§ **Activity**: Print exactly and only the lines that run from the one containing "Размеры, (мм): высота" through the end of the material, please, omitting pictures.

§ **Information provided**:
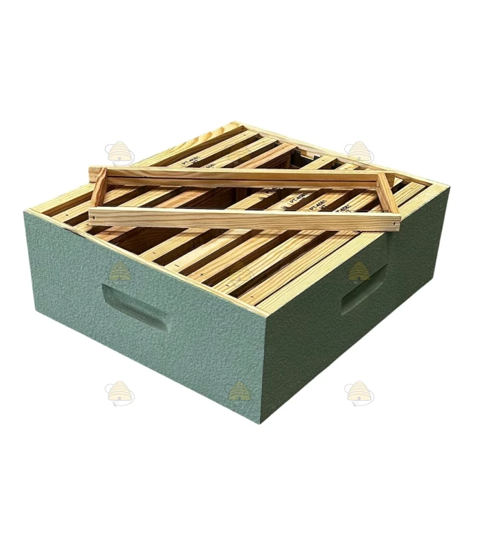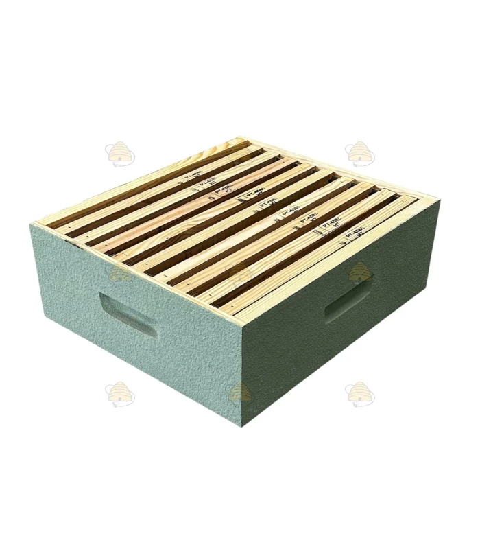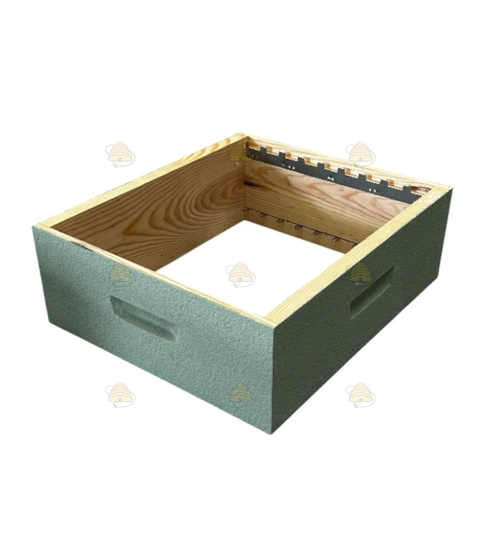 Fertige Dadant Blatt Honigzarge. Dieser Honigraum für die Dadant Blatt Beute ist in der Farbe Meergrün lackiert und mit 9 Rähmchen mit Nut ausgestattet. Die Rähmchen können selbstverständlich auch ohne Nut verwendet werden.
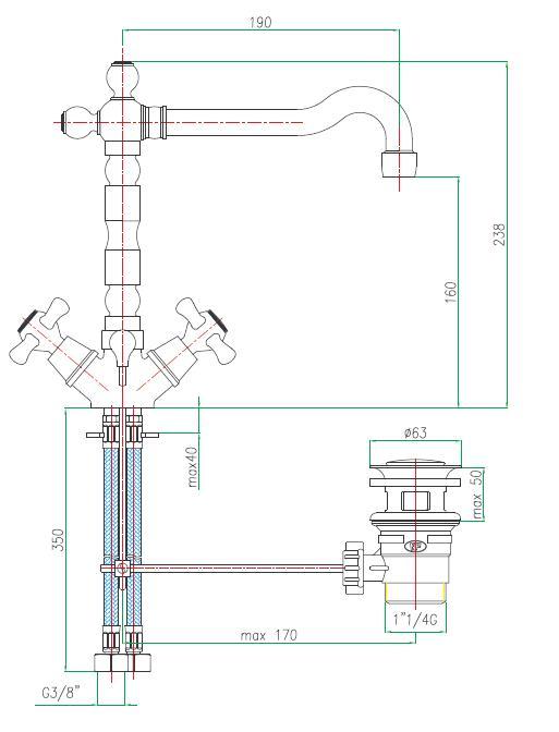 Размеры, (мм): высота - 244, длина излива - 190;
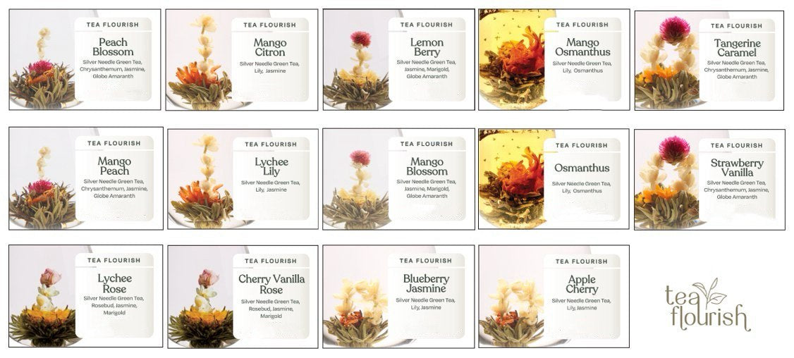 14 different flavors of blooming teaballs to choose from, in pack of 2, 3, 5 & 10! Our tea balls are individually wrapped for freshness.
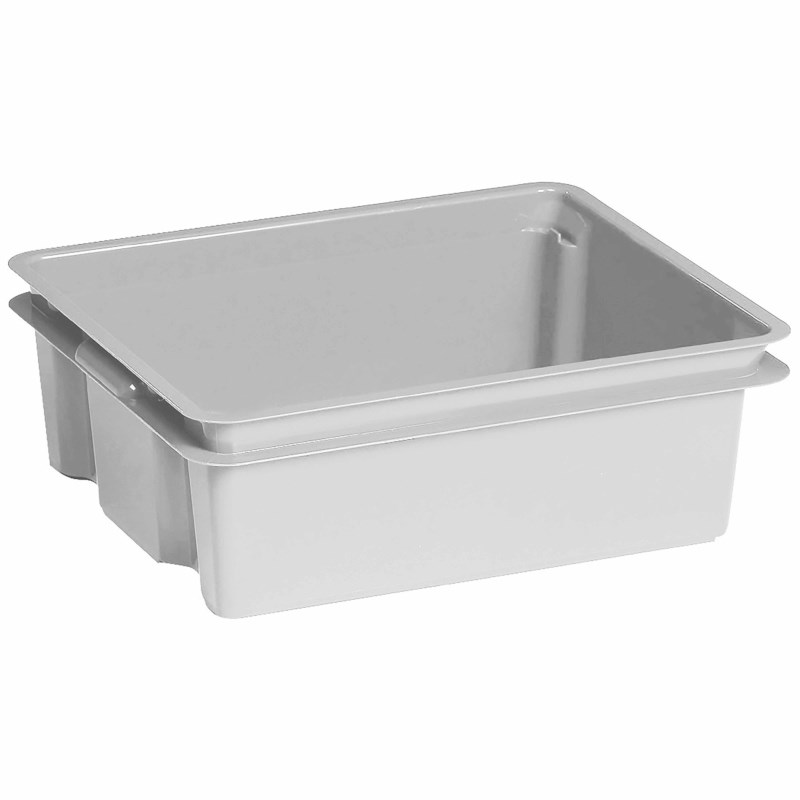 Stevige stapelbare lichtgrijze opbergbak zonder deksel, deze is apart aan te schaffen.

§ **Output for this exercise**:
 Размеры, (мм): высота - 244, длина излива - 190;
 14 different flavors of blooming teaballs to choose from, in pack of 2, 3, 5 & 10! Our tea balls are individually wrapped for freshness.
 Stevige stapelbare lichtgrijze opbergbak zonder deksel, deze is apart aan te schaffen.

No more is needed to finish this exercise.